#### What is needed:
Look for "macht" in the material below and show each line that contains it.

#### Data for analysis:

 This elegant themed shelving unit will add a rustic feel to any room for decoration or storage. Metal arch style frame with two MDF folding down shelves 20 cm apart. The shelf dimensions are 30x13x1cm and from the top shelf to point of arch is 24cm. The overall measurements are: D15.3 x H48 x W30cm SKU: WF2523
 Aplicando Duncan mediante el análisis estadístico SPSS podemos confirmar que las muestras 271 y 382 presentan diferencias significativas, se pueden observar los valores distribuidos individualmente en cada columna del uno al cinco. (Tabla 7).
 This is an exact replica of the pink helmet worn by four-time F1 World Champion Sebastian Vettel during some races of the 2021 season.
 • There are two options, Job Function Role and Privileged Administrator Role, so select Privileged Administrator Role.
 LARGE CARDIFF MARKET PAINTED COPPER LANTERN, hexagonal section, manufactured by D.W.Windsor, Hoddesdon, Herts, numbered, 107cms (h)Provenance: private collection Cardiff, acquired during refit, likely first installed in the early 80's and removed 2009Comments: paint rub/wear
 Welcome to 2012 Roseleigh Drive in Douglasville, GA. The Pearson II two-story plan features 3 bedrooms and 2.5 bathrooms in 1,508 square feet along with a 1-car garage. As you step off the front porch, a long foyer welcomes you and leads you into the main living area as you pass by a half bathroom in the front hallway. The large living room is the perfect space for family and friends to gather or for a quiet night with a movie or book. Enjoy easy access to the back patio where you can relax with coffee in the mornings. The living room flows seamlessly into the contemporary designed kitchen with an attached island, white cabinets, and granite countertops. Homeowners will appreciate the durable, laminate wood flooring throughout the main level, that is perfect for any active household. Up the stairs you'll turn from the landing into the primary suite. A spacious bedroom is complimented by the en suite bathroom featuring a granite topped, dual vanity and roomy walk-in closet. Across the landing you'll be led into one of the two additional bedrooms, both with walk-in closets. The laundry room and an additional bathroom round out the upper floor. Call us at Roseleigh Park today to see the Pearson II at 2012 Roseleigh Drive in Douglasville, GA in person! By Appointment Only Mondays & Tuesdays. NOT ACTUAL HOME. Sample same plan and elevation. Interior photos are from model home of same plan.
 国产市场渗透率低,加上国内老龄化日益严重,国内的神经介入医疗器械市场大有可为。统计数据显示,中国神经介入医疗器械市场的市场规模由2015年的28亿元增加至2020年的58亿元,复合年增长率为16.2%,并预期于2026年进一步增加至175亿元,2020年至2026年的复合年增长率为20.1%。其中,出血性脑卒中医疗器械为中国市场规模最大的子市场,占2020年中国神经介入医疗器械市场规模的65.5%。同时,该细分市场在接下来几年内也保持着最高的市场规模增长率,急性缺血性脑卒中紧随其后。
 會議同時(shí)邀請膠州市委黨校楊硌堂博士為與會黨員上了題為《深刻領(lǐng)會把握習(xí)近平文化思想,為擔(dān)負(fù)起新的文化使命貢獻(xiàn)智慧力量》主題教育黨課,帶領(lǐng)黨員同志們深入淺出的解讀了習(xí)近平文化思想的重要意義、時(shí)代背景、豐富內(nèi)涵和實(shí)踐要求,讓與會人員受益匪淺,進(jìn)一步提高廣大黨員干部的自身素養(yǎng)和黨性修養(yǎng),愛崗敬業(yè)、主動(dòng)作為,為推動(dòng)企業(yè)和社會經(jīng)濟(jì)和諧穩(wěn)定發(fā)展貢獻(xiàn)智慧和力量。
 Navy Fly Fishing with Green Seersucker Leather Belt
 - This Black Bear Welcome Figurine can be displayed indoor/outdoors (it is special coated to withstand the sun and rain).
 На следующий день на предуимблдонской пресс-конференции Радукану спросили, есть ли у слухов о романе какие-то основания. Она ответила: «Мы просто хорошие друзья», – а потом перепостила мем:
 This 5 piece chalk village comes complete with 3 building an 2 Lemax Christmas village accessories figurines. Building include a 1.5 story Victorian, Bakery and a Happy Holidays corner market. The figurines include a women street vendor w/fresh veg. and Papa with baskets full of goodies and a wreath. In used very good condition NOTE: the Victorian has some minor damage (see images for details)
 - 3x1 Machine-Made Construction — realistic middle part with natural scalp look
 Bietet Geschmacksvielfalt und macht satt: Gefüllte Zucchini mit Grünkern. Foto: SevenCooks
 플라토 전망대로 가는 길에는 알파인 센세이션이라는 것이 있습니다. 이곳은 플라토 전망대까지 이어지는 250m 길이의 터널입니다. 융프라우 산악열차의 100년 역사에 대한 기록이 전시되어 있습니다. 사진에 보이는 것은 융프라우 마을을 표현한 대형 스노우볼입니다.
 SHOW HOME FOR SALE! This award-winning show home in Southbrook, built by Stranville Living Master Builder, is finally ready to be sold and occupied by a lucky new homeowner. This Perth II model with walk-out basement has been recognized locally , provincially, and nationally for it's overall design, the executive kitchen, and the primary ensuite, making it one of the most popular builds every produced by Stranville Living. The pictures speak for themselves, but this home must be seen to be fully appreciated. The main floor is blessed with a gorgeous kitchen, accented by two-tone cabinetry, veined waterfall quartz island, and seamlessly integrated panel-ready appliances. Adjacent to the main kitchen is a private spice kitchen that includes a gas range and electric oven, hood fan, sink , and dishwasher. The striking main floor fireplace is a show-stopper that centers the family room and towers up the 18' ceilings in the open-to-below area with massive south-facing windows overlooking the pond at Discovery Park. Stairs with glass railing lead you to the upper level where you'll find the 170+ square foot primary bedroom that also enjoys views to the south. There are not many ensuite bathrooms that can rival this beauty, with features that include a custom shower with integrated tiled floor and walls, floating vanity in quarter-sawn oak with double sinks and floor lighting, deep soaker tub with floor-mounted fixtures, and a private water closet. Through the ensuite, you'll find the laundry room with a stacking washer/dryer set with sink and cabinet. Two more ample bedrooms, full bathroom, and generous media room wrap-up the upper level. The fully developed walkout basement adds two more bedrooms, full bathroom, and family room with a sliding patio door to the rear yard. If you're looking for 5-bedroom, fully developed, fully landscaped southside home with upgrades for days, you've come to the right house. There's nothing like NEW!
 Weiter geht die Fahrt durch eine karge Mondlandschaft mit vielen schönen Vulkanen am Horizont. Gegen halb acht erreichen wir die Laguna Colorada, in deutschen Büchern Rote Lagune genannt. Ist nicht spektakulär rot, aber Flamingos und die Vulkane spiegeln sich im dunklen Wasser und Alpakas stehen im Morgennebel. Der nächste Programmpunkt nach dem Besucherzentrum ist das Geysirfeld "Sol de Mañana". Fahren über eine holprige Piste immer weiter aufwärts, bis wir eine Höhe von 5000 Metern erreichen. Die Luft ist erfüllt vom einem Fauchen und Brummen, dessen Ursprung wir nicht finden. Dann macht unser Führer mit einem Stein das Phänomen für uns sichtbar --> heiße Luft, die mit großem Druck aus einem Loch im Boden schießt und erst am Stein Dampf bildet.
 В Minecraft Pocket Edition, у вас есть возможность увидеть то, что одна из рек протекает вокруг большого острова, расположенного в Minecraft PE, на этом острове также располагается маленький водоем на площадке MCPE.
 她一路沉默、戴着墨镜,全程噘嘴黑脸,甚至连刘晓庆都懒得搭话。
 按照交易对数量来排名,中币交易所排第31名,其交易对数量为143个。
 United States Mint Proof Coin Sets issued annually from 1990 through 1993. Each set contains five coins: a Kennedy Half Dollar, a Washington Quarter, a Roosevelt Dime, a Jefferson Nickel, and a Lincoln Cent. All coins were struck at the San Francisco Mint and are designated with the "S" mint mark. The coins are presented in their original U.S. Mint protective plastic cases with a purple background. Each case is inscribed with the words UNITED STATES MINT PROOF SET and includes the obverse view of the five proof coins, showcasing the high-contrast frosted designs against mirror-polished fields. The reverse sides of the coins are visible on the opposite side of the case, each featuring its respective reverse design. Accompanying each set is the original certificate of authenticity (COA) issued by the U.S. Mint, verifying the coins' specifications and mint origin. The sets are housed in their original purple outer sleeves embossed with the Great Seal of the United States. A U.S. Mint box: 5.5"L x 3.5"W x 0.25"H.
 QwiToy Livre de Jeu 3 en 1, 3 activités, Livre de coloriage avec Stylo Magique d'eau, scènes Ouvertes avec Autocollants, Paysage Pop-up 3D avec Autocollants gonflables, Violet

#### Problem solution:
 Bietet Geschmacksvielfalt und macht satt: Gefüllte Zucchini mit Grünkern. Foto: SevenCooks
 Weiter geht die Fahrt durch eine karge Mondlandschaft mit vielen schönen Vulkanen am Horizont. Gegen halb acht erreichen wir die Laguna Colorada, in deutschen Büchern Rote Lagune genannt. Ist nicht spektakulär rot, aber Flamingos und die Vulkane spiegeln sich im dunklen Wasser und Alpakas stehen im Morgennebel. Der nächste Programmpunkt nach dem Besucherzentrum ist das Geysirfeld "Sol de Mañana". Fahren über eine holprige Piste immer weiter aufwärts, bis wir eine Höhe von 5000 Metern erreichen. Die Luft ist erfüllt vom einem Fauchen und Brummen, dessen Ursprung wir nicht finden. Dann macht unser Führer mit einem Stein das Phänomen für uns sichtbar --> heiße Luft, die mit großem Druck aus einem Loch im Boden schießt und erst am Stein Dampf bildet.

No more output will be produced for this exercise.